Estoy en una ciudad pequeña, de 240 mil habitantes, y a una temperatura de 2º C; de esas que aparecen con letra menuda en los mapas y a las cuales se llega por los dictados del corazón o por motivos de trabajo. Se llama Krefeld. Queda en Alemania.
A las 5 p.m. conduzco hacia la casa donde me hospedo; el semáforo cambia a rojo, y me detengo. A mi derecha, un niño en bicicleta. Las únicas partes de su cuerpo que se alcanzan a ver son la punta de la nariz, enrojecida por el golpe de la corriente helada; y sus ojos azules, casi transparentes. Lleva puestos un gorro, guantes, orejeras peludas, bufanda, chaqueta y pantalones corta-viento. Y un morral con placas fluorescentes, del que sobresale la punta de un pan baguete.

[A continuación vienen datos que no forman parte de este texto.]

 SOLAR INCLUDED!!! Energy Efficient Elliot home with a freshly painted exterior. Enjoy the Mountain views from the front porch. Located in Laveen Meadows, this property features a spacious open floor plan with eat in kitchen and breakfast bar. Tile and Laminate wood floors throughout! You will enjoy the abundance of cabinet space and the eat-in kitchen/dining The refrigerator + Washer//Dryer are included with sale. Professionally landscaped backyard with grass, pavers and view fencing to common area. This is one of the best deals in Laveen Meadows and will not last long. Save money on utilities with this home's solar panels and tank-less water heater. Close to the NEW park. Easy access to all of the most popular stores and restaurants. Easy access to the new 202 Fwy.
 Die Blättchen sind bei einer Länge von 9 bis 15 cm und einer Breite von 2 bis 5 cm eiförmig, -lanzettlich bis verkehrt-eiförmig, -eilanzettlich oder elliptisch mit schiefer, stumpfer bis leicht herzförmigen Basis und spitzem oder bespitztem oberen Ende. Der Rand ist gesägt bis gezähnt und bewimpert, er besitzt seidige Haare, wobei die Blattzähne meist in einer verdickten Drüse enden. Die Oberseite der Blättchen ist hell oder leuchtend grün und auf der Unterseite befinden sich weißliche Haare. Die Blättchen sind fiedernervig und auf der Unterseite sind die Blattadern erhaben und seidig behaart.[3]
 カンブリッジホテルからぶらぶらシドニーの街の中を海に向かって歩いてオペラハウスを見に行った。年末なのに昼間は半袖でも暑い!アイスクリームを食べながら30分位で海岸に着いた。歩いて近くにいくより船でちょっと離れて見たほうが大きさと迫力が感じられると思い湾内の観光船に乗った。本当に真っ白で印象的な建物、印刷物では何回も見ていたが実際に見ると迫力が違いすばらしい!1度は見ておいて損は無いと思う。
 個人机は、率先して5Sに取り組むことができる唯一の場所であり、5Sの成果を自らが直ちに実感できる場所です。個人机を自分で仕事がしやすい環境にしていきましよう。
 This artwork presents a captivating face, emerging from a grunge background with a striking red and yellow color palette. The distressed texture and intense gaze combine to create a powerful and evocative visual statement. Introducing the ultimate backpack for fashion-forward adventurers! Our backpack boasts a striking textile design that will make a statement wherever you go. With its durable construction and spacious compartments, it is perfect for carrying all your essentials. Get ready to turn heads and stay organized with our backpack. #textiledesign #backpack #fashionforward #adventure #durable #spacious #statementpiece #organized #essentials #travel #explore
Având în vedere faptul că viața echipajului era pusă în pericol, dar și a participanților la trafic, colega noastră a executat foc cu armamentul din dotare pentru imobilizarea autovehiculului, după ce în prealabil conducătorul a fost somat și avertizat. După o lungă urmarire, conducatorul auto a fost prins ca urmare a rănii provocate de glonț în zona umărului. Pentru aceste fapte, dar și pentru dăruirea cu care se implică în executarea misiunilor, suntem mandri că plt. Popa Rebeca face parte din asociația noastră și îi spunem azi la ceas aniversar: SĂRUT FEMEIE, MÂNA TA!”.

Por el invierno, el cielo está totalmente oscuro, y la iluminación pública encendida.
Mientras aguardo el cambio del semáforo, miro con asombro al niño de once o doce años, solo en la calle, al anochecer. Pasa a verde y arrancamos los dos, él a las carreras, y yo, a menos de los 30 kph exigidos en zona residencial. Ningún conductor se aproxima demasiado al ciclista, que ya no circula en un carril de ciclovía sino en la calle principal. En las cebras, por supuesto, los carros le ceden el paso.
Al llegar a mi destino, descubro que el chico vive al lado. Toca la puerta con afán, su mamá abre y le recibe el morral lleno de víveres, y le quita el gorro de invierno. Con un gesto cariñoso, despeina la melena color velita de su hijo.
Sí, un cuadro digno de una película de Spielberg.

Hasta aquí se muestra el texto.